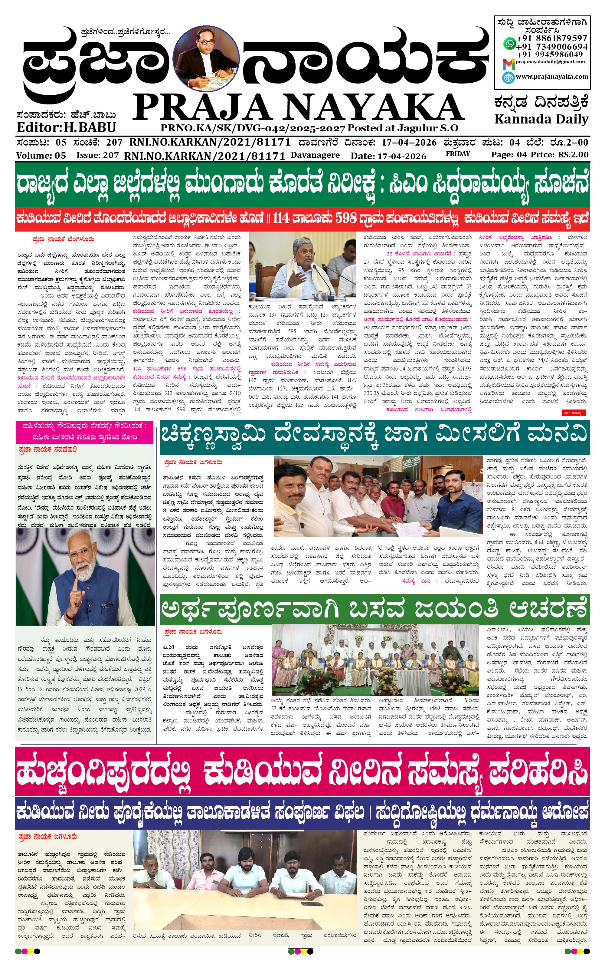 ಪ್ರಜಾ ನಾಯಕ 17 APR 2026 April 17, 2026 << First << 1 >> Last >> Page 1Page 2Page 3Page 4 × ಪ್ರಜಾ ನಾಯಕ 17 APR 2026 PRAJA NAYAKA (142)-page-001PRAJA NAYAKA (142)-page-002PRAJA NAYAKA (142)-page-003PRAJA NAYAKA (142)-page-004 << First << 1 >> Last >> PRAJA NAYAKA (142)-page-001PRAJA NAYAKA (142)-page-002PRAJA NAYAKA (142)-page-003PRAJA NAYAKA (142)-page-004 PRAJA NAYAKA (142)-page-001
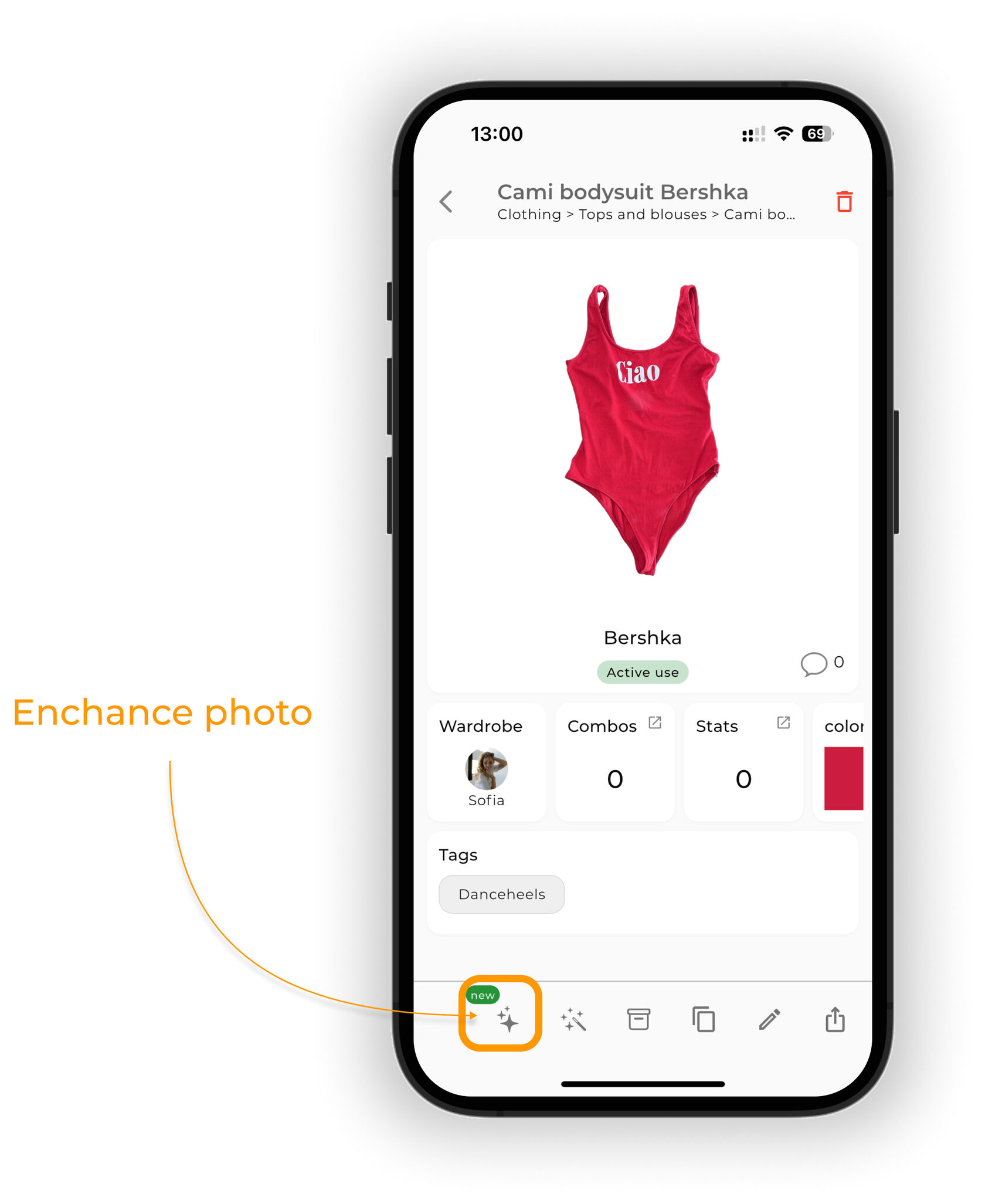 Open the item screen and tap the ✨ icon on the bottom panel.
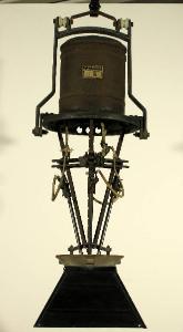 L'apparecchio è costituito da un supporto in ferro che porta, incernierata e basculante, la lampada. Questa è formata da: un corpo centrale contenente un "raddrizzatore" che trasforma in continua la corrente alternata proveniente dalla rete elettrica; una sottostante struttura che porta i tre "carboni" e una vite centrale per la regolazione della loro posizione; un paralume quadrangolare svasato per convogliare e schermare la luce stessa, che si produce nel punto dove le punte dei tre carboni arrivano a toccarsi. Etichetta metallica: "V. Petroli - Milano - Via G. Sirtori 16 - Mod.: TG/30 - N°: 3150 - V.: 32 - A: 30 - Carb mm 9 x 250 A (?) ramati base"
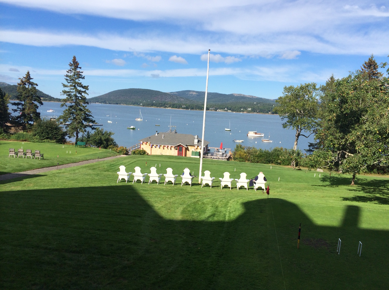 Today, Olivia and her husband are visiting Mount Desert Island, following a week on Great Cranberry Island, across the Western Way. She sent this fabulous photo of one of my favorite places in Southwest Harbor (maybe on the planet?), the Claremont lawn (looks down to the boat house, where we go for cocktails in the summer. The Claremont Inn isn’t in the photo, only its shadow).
==
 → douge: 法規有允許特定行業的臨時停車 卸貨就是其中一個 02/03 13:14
...
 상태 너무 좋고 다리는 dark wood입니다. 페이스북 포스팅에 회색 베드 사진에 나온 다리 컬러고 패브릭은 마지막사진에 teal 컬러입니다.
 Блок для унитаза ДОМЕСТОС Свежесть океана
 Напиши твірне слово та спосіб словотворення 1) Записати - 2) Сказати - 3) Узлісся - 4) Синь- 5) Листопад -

Exercise requirements: Reproduce exactly, and only, the part of the listing above that begins at the line with "상태 너무 좋고 다리는" and goes on through the line with "Напиши твірне слово".

Reply to the exercise:
 상태 너무 좋고 다리는 dark wood입니다. 페이스북 포스팅에 회색 베드 사진에 나온 다리 컬러고 패브릭은 마지막사진에 teal 컬러입니다.
 Блок для унитаза ДОМЕСТОС Свежесть океана
 Напиши твірне слово та спосіб словотворення 1) Записати - 2) Сказати - 3) Узлісся - 4) Синь- 5) Листопад -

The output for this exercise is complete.